Alcide Louis "Slow Drag" Pavageau (March 7, 1888 – January 19, 1969) was an American jazz guitarist and double-bassist.

Biography 
Pavageau was born in New Orleans, Louisiana. He started his career as a dancer, mastering a dance called the Slow Drag  which resulted in his nickname. He learned the guitar as a young man from his cousin Ulysses Picou, a singer in New Orleans. Pavageau came from a musical family and was related to families like the Tios, Picous and Pirons who formed some of the earliest jazz bands. He played Buddy Petit, Bunk Johnson, and Herb Morand. Johnson bragged that he taught Louis Armstrong how to play cornet by ear. He started playing bass in 1927 when he was 39 years old and joined George Lewis's band from 1943 and also played in Bunk Johnson's band in New York City in 1945. He toured with Lewis through the end of the 1950s. In 1961, while playing with the Louis Cottrell Trio, he recorded New Orleans: The Living Legends for Riverside. He worked at Preservation Hall in the 1960s and recorded one album as a leader in 1965 in addition to frequent recording with Lewis.

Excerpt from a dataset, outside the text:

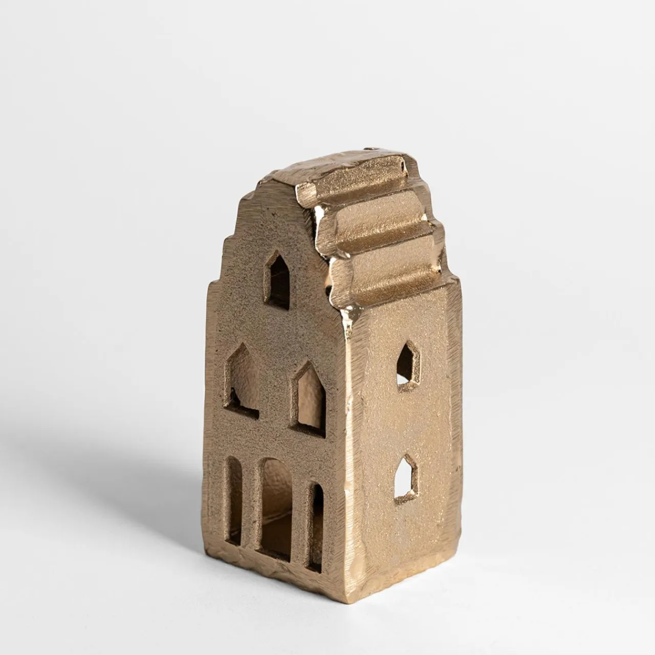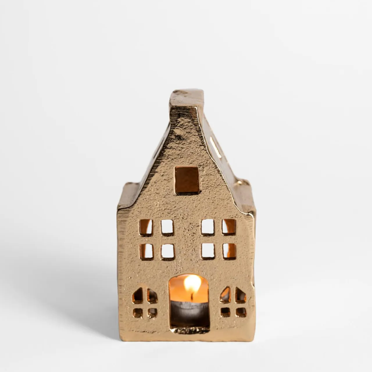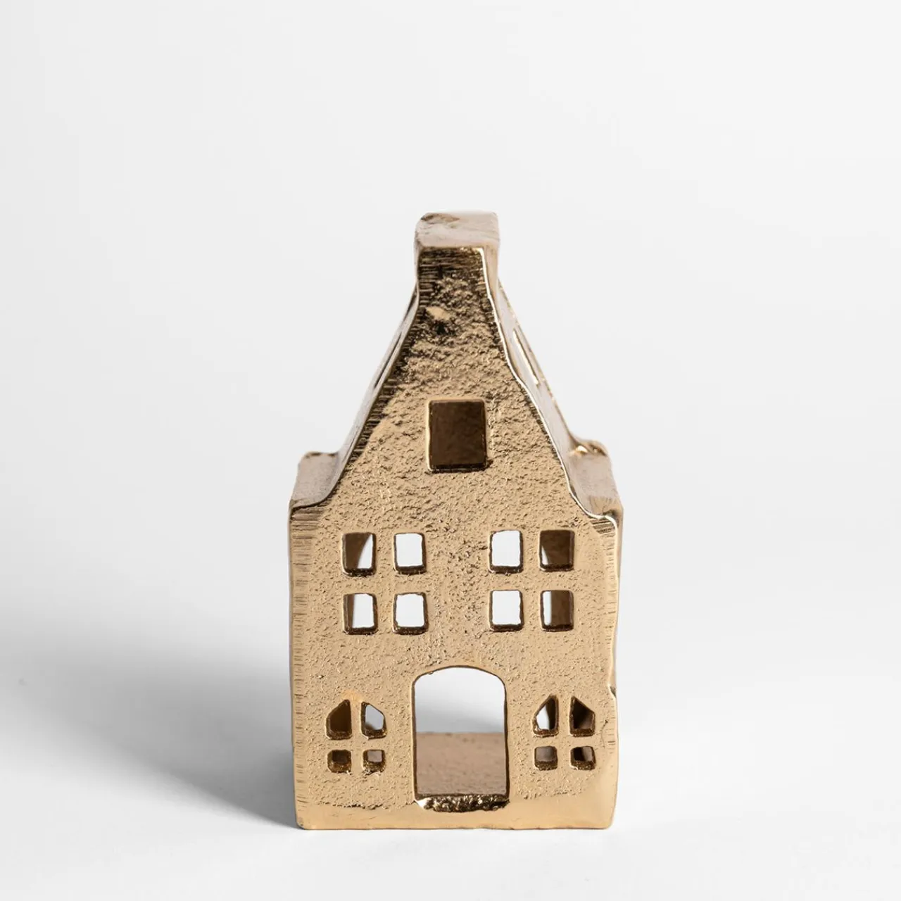Stwórz ciepłą i przytulną atmosferę w swoim domu dzięki złotej latarence w kształcie domku. Wykonana z metalu i pokryta eleganckim złotym wykończeniem, ta latarenka to idealny dodatek, który doda blasku każdej przestrzeni.

Pavageau was the son of Ferreol "Joseph" Pavageau and Alice Philippe. He was the descendant of a marriage between two of the oldest Creole families in New Orleans. His family traced their roots to wealthy French planters who were displaced by the Haitian Revolution and friends of Bienville, the founder of New Orleans. For almost 40 years he was the Grand Marshal of the Second Line of the Mardi Gras Parade. The second line is known for twirling ornamental umbrellas during their gatherings. The twirling of umbrellas may have been adapted from the early Italian immigrant custom of using umbrellas at funeral processions.  Alcide died in 1969 in New Orleans at the age of 80.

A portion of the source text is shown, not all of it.